Your assignment:
Every line from the one with "Translate: Understanding Team" to the final line of the records should be printed exactly as it is, with pictures left out.

----

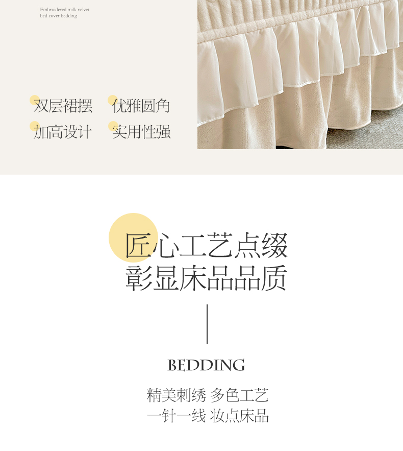 (总)宜凡家纺 2025新款牛奶绒雕花拼接刺绣床裙四件套,晨雾蔷薇,蝶恋花语,花野漫屿,蕾丝蝶音,洛可可影,雾蓝漫织,香槟漫月
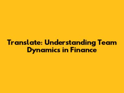 Translate: Understanding Team Dynamics In Finance
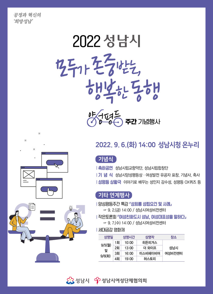 [로컬세계=김병민 기자]경기 성남시는 양성평등주간(9.1~7)을 맞아 2일부터 오는 7일까지 ‘모두가 존중받는 행복한 동행’을 주제로 다양한 시민 행사를 연다.
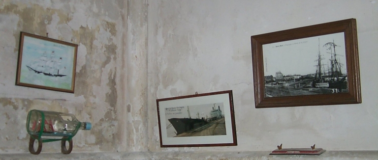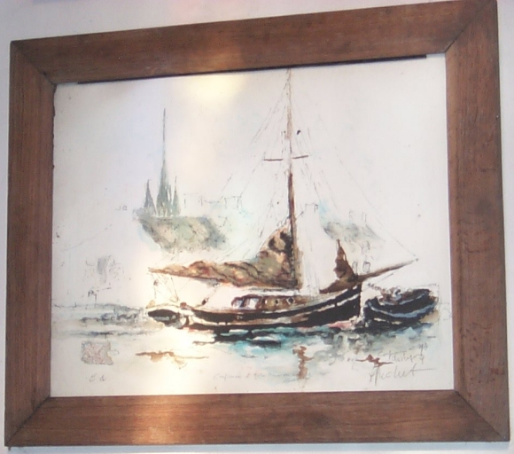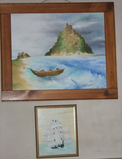 Ensemble de 13 ex-voto d'époque contemporaine : 2 demi-coque ; une maquette ; 4 dessins : un vitrail (bateaux, coquillages, signé G.H.L.), une peinture sur toile (Mont St-Michel signé J.H.), un dessin (1996, signé : St Malo 15.08.96 M.Guillard), une peinture sur bois (signée Marie Mathurin), une photographie en couleur (Officier de marine marchande Mr. Ollivier Roger, "je tiendrais nos promesses", devant un cargo), une maquette dans une bouteille ; bateau (peint sur toile, signé J. Leglou (?).
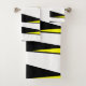 The towel set shows a three coloured nonparallel stripes design in black, white and yellow. It is an abstract resemblance of a Monarch butterfly caterpillar. For customisation enquiries please contact info@KBMD3signs.com

----

Task solution:
 Translate: Understanding Team Dynamics In Finance
 [로컬세계=김병민 기자]경기 성남시는 양성평등주간(9.1~7)을 맞아 2일부터 오는 7일까지 ‘모두가 존중받는 행복한 동행’을 주제로 다양한 시민 행사를 연다.
 Ensemble de 13 ex-voto d'époque contemporaine : 2 demi-coque ; une maquette ; 4 dessins : un vitrail (bateaux, coquillages, signé G.H.L.), une peinture sur toile (Mont St-Michel signé J.H.), un dessin (1996, signé : St Malo 15.08.96 M.Guillard), une peinture sur bois (signée Marie Mathurin), une photographie en couleur (Officier de marine marchande Mr. Ollivier Roger, "je tiendrais nos promesses", devant un cargo), une maquette dans une bouteille ; bateau (peint sur toile, signé J. Leglou (?).
 The towel set shows a three coloured nonparallel stripes design in black, white and yellow. It is an abstract resemblance of a Monarch butterfly caterpillar. For customisation enquiries please contact info@KBMD3signs.com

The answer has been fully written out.